Stormer Honored at CESAA's Awards Dinner

Oct 28 2008 | By Columbia Engineering News

Three prominent Columbians will be honored by the Columbia Engineering School Alumni Association at their annual awards dinner on Tuesday, Nov. 11 in Low Library Rotunda. Nobel Laureate Horst Störmer, professor of applied physics and I.I. Rabi Professor of physics, and Harry B. Gray, Beckman Professor of Chemistry and founding Director of the Beckman Institute at California Institute of Technology will receive the Pupin Medal for service to the nation. Matthys Levy '56MS will receive the Egleston Medal for distinguished engineering achievement. Columbia Engineering School Alumni Association President Chester Lee said, "We are privileged to honor three such distinguished Columbians, each of whom has played an important part in the life of the Engineering School and the University."

Both Störmer and Gray have influenced the education and careers of numerous students. As an alumnus, Levy, who was a student and protégé of legendary Columbia professor Mario Salvadori, has brought recognition to the Engineering School by his significant landmark structures in the built environment of cities around the world.

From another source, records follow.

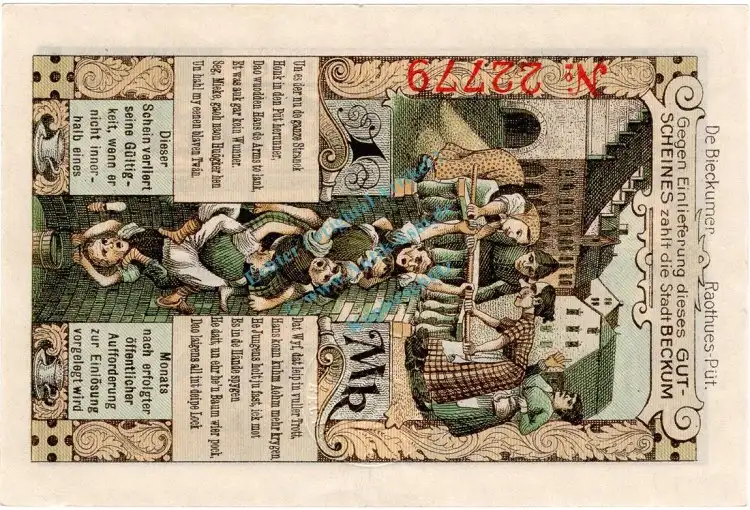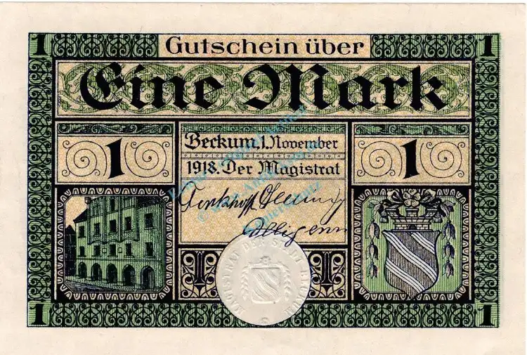 Beckum , Banknote 1 Mark Schein unc-kfr. Geiger 035.01.c-d , Westfalen 1918 Grossnotgeld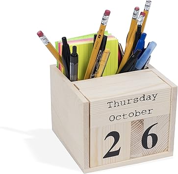 Amazon Com Office Or Home Decorative Cube Desktop Block Calendar Pen Holder Unfinished Wood For Diy Projects Natural Office Products
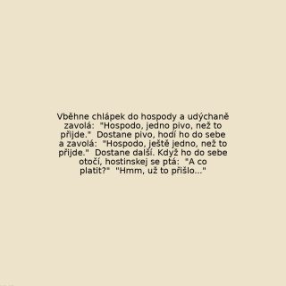 Dostane další. Když ho do sebe otočí, hostinskej se ptá: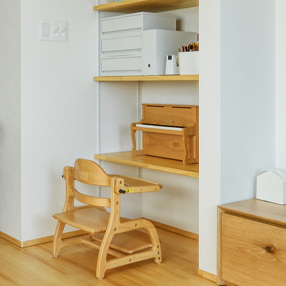 棚板の位置を変えられるので、お子様の成長に合わせてフレキシブルに。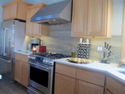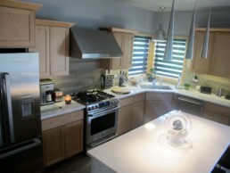 Designed to reflect the homeowner’s style, this cozy Mill River home has a swanky, modern interior. With the use of white, grey, taupe and the added element of stainless steel, this modern design brings an urban setting to the craftsman exterior. Grey wire brushed laminate floors spread throughout the main floor and designer wood plank tiles are expanded around the backsplash of the kitchen. The fireplace features stainless steel tiles and a low profile flame adds just the right amount of warmth. Upstairs features three bedrooms and two additional bathrooms.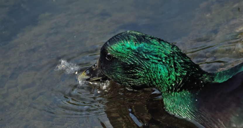 Преобладание цветовой гаммы зависит от половой принадлежности утки. Например, самцы на свету становятся бледно-синего цвета, тогда как самки приобретают насыщенно зеленый оттенок. Необычный отлив чаще сосредоточен в верхней части корпуса, уже в размытом виде спускается к лапам.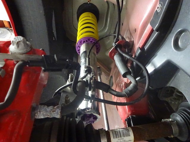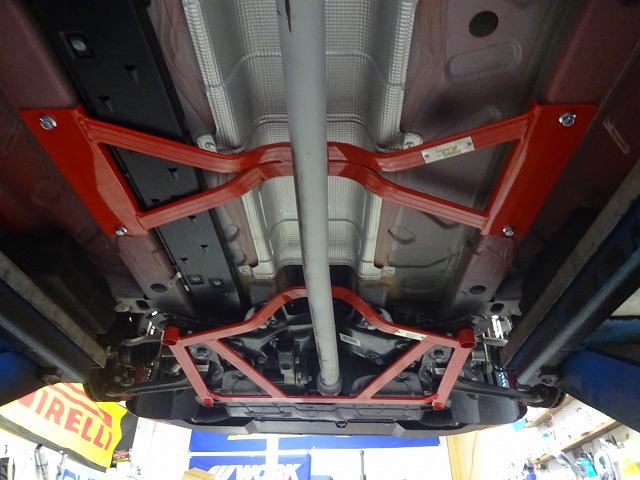 KW V3車高調+75パフォーマンスフロアブレースで素晴らしいシャーシに決まった、Mさんのアバルト595コンペティツィオーネ。
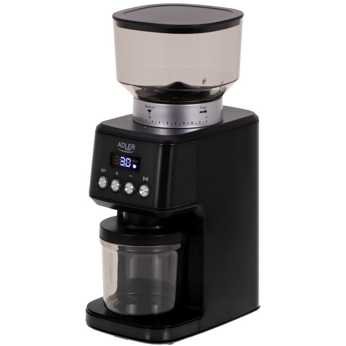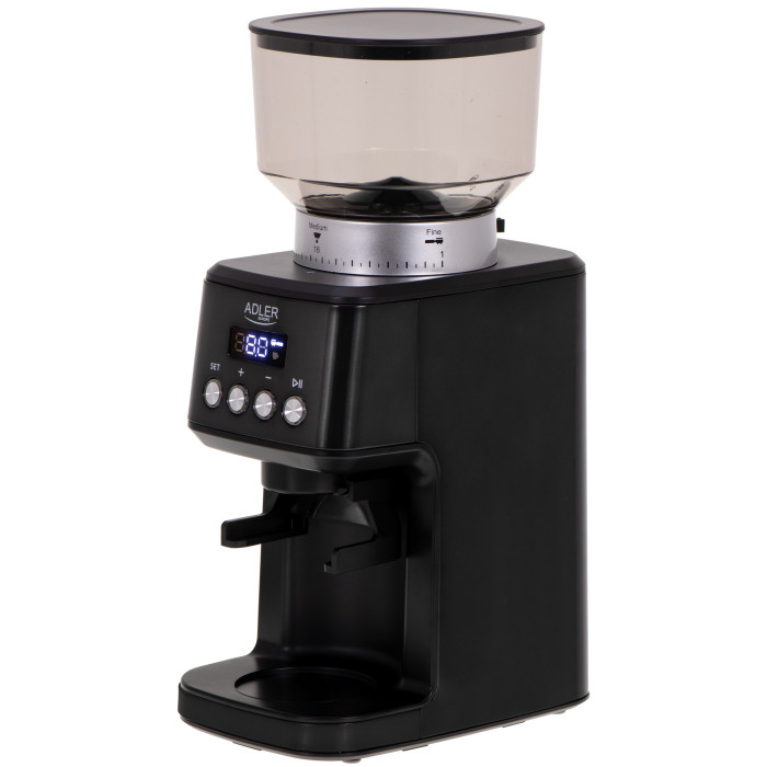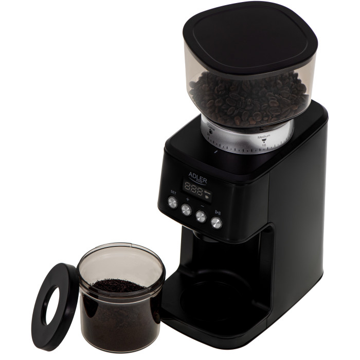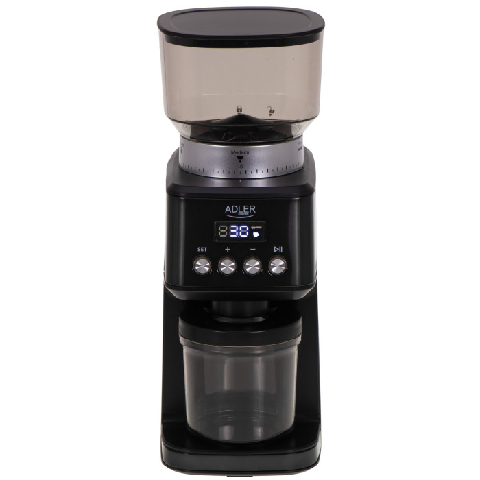 Вместительный бункер для зерен рассчитан на 300 г, а съемная чаша и отсек для молотого кофе упрощают очистку и эксплуатацию. Кофемолка Adler AD 4300 также оснащена таймером на 20 секунд и дисплеем, что позволяет точно дозировать объем помола и повторять нужный режим без дополнительной настройки. Пластиковый корпус делает устройство легким, при этом габариты 130×200×340 мм сохраняют компактность для размещения на кухонной поверхности. Эта модель подойдет тем, кто хочет сочетать удобство автоматизации с возможностью точной настройки помола для разных видов кофе.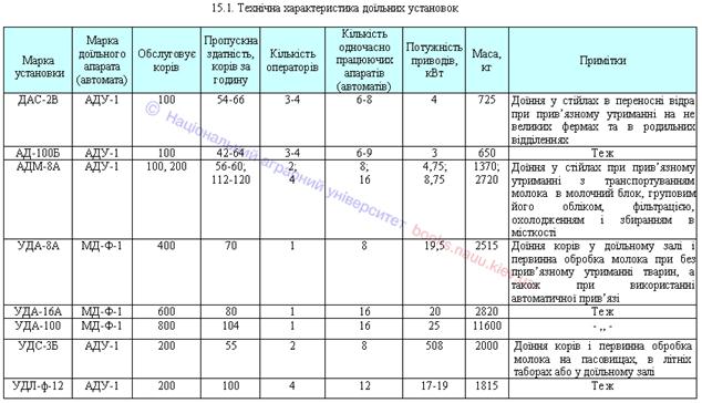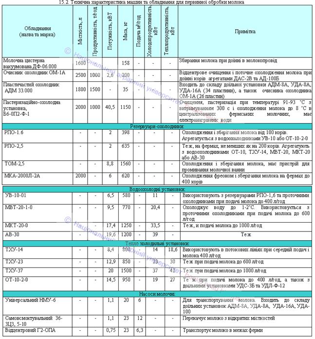 Технічна характеристика машин та обладнання для доїння корів і первинної обробки молока на фермах, а також рекомендації щодо їх раціонального використання наведені в таблицях 15.1 і 15.2.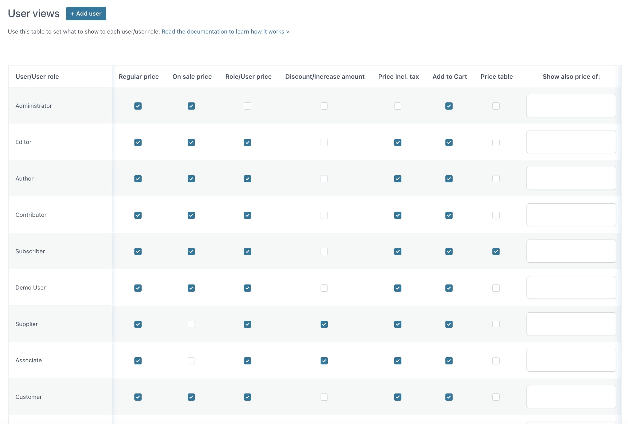 You can also easily hide prices and “Add to cart” buttons for specific user roles using the dedicated table. This allows you to enable a “catalog feature” in your shop so that, for example, only users with the “partner” or “reseller” role can see prices and purchase the products you sell.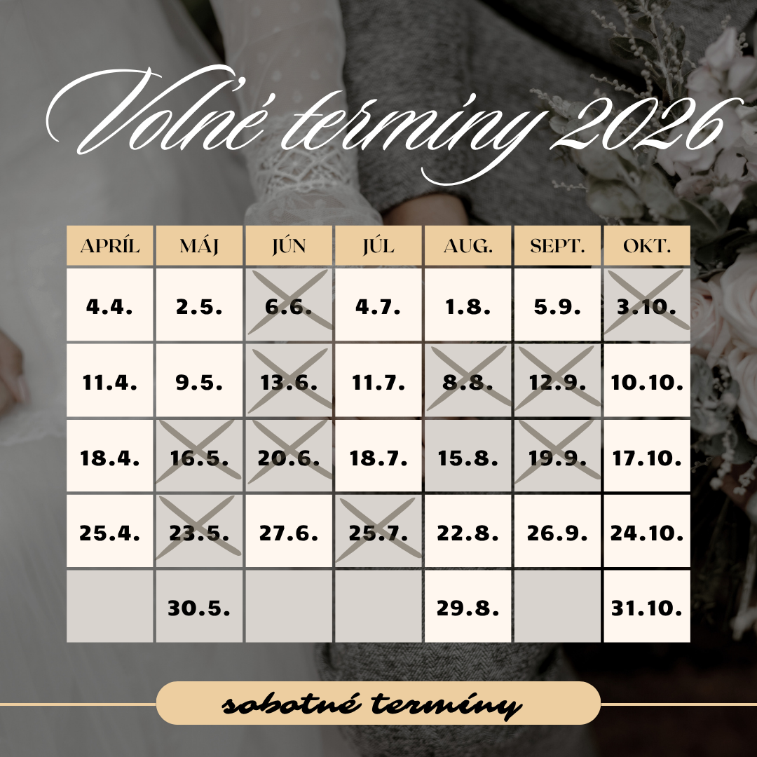 Aktuálne voľné sobotné termíny, ktoré mám k dispozícii, nájdete v tejto tabuľke. Ak mám Váš termín ešte voľný, informujte sa ohľadom jeho rezervovania prostredníctvom rezervačného formulára nižšie v sekcii " Pýtajte sa". Termíny sa pravidelne zapĺňajú, častokrát píše na rovnaký termín viacero neviest, preto netreba s rezerváciou dlho váhať :)

Horst Störmer, who joined Columbia in 1998 after 20 years at AT&T's Bell Labs, is the scientific director of Columbia's NSF Nanoscale Science and Engineering Center (NSEC) where he conducts research into the electrical conductivity of single molecules. In 1998, he shared the Nobel Prize in physics for his part in the "discovery of a new form of quantum fluid with fractionally charged excitations."